Metric Alerts: This table shows a list of all the metric alerts specific to this cache.
Host Alerts: This table shows a list of alerts from the host on which this cache is running.
Push Replication Tables: If a push replication enabled cache is present in your cluster, you can see the Publisher and Subscriber tables.

13.2.3 Connection Manager Home Page

Use this page to view the details and controls of a Connection Manager instance in the Coherence cluster.

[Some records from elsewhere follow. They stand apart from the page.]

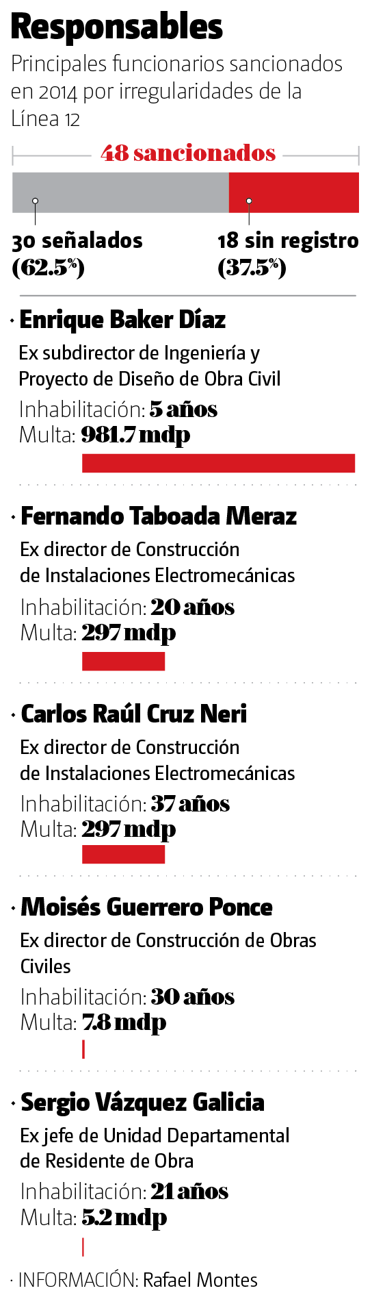 Por ejemplo, Moisés Guerrero Ponce, ex director de Construcción de Obras Civiles de Proyecto Metro, acumula dos destituciones, una multa por 7.8 millones de pesos y cuatro inhabilitaciones, dos de 15 años, una de 10 y otra de cinco.
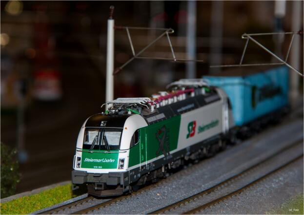 Bei einer Fläche von mehr als 150m² davon 60m² Anlagenfläche - ein sehenswerter Landschaftsbau - 800m verlegten Gleisen - 164 Weichen und mehr als 60 Zügen bis zu 4 Meter Länge - verwirklichen sich Träume aus Kindertagen.
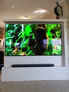 מסך OLED 77 אינץ' של חברת LGלקוחות חוזרים מרגשים אותי כל פעם מחדש !זו מין חותמת של אמון מתמשך ..כך עם משפחת נ' שרכשו מערכת מולטימדיה לפני עשר שנים!ובאו להתחדש..והנה התוצאה ! על התמונה -אל ג'י אולד 77אינץ טופ! על הסאונד -אל ג'י מקרן סאונד בשיתוף מרידיאן כולל סראונדים.. נגרותצפייה -

Figure 13-7 Connection Manager Home Page

This page contains the following sections:

General
- Service Name: The unique name assigned to the service.
- Node ID: An ID is automatically assigned to any node that is part of the cluster. This can be a new number or a number that belongs to a Departed node.
- Connection Count: The number of connections associated with the connection manager instance.
- Host IP: The IP address of the host machine.
- Refresh Time: The date and time on which the connection manager instance was last refreshed.
Bytes Sent and Received: This graph displays the number of bytes that were sent and received per minute. Click on the graph to drill down to the Bytes Sent Metric page.
Connections
- Remote Client: A unique hexadecimal number assigned to each connection.
- Service Name: The unique name assigned to the service.
- Node ID: An ID is automatically assigned to any node that is part of the cluster. This can be a new number or a number that belongs to a Departed node.
- Outgoing Byte Backlog: The number of outgoing bytes in the backlog.
- Outgoing Message Backlog: The number of outgoing messages in the backlog.
- Up Since: The date and time from which the connection manager instance is up.
- Bytes Received: The number of bytes received per minute.
- Bytes Sent: The number of bytes sent per minute.
Metric Alerts: This table shows a list of all the metric alerts specific to this connection manager.
Host Alerts: This table shows a list of alerts from the host on which this connection manager instance is running.

13.3 Performance Pages

Entity level performance pages give detailed views of the performance of this particular entity. For nodes and caches, there are two views - Charts and Metrics. You can select the option from the View drop-down list.

13.3.1 Node Performance Page

This page displays the performance of a specific node over a specified period of time. You can view either the charts or the actual metrics by selecting the appropriate option from the View drop-down list. If you select Charts option, you can see the average gets, puts, memory available, send queue size, and publisher and receiver success rates over the selected period of time. If you select the Metrics option, you can see the total and average metric values over the selected period of time.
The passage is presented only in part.